2012级土木工程(本)专业《土木工程英语》课程论文
论文题目:混凝土结构温度应力分析
Concrete structure temperature stress analysis
专业班级:土木工程2班 学生姓名:魏云飞
学号:[1**********]7
论文成绩: 评阅教师:胡郢
2015年11月8日
超长混凝土结构的温度应力分析与控制技术研究 陈军毅 ,浙江大学,结构工程,2006,硕士
【摘要】随着我国经济建设的迅速发展和建筑技术水平的提高,超长混凝土结构不断在大型公共建筑和工业建筑中出现。由于考虑到建筑上的美观性和结构上的整体性,这些建筑往往不设或少设温度伸缩缝,致使通长不设缝的结构长度远远超出了我国规范规定的伸缩缝限值。对于超长混凝土结构,温度应力是必须考虑的重要因素,也是引起这类结构裂缝的主要原因。所以对超长混凝土结构温度应力的分析并研究其有效的控制技术具有重要的意义。 本文首先总结了国内外关于超长混凝土结构温度应力的研究现状,并简要地介绍了温度应力的弹性力学理论,然后概述了应用大型通用有限元软件ANSYS分析超长混凝土结构温度应力的有限元理论。由于混凝土工程结构长期经受自然环境气温变化和日照辐射等的作用,加上混凝土材料较差的热传导性能,使得结构的温度场成为一个很复杂的不稳定温度场。本文着重探讨了结构各种温度荷载作用的效应。 本文的研究内容主要包括:分析了超长结构年温差作用效应,探讨了结构在年温差荷载作用下各构件的温度内力和温度变形特点,并对其影响因素作了参数化分析,重点分析了剪力墙构件的影响;结合某一典型超长框架——剪力墙结构,分析了超长结构的水平瞬时温差作用效应,对日照温度场及非线性温度分布的分解和等效作了一定探讨,通过比较均匀温度场及线性温度场下的结构效应,得到了温度梯度对结构内力和变形产生的影响;简要分析了结构的竖向瞬时温差作用效应 针对目前超长结构分析中往往假定整个结构均匀温降的合理性进行了分析,研究了结构在考虑梁温差滞后的温度作用效应,并对其影响因素作了参数化分析;分析了无粘结预应力技术在超长结构温度应力控制中的作用,结合一典型超长结构,分析了该结构在直线无粘结预应力筋作用下的变形和内力,并分析比较了不同预应力筋布筋形式下的结构效应,得出了合理布筋形式,即在柱上板区域集中布筋,并应对超长结构留设后浇带分段张拉预应力筋;最后结合一具体工程——杭州
市江干区全民健身中心,对三层楼板温度场监测数据进行分析处理并得到控制温差荷载,对该结构在控制温差荷载及预应力作用下的结构效应进行了三维有限元分析。将数值分析与实测结果比较表明,用有限元方法来分析超长混凝土结构温度应力是可行的。国家的经济在不断飞速的发展,人们对建筑的安全性和美观性也有了新的认识和要求,一些公共建筑正逐渐向舒适化、大型化发展,超长混凝土结构不断的涌现在大型公共建筑和工业建筑中。出于对整体性和美观性的考虑,我们的设计师往往在这些建筑中不设或少设伸缩缝,然而对于超长混凝土结构,温度应力是必须考虑的重要因素,也是引起这些结构产生裂缝的主要原因,因此对超长混凝土结构温度应力的分析并用有限元软件模拟具有重要意义。

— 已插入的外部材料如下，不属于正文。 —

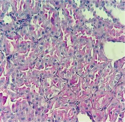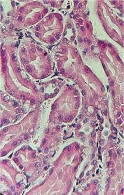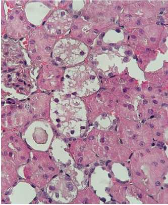 Рисунок 4. Гистологическая картина после реперфузии почек в эксперименте (гематоксилин-эозин, ×400): A. Острый канальцевый некроз, белковые цилиндры (перфузия Кустодиол). B. Очаговая вакуолизация, единичные цилиндры (перфузия Кустодиол-М). C. Сохранная щёточная кайма, минимальная вакуолизация (перфузия Митоперф)
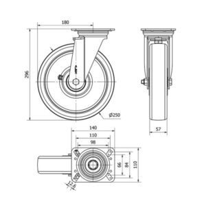 Rueda goma giratoria Alex diametro 250 mm. 2-1953

本文的主要工作内容如下:首先概述了超长混凝土结构的研究背景和发展概况,阐述了超长混凝土结构相关的收缩理论、徐变理论以及温度应力基本理论。接着简要介绍了现场监测技术在超长混凝土结构中的应用,对某实际超长混凝土结构进行了一年多的现场跟踪监测,并对监测数据进行了处理分析。最后对实际超长混凝土结构在整体温度作用下的效应进行了模拟分析,总结得出超长混凝土结构的温度应力分布特点,并对影响温度应力的因素做了参数分析。本文通过对超长混凝土结构的温度应力进行监测分析以及Ansys有限元模拟分析得出了一些十分有益的结论,所做工作对今后类似超长混凝土结构的设计与施工是有很大帮助。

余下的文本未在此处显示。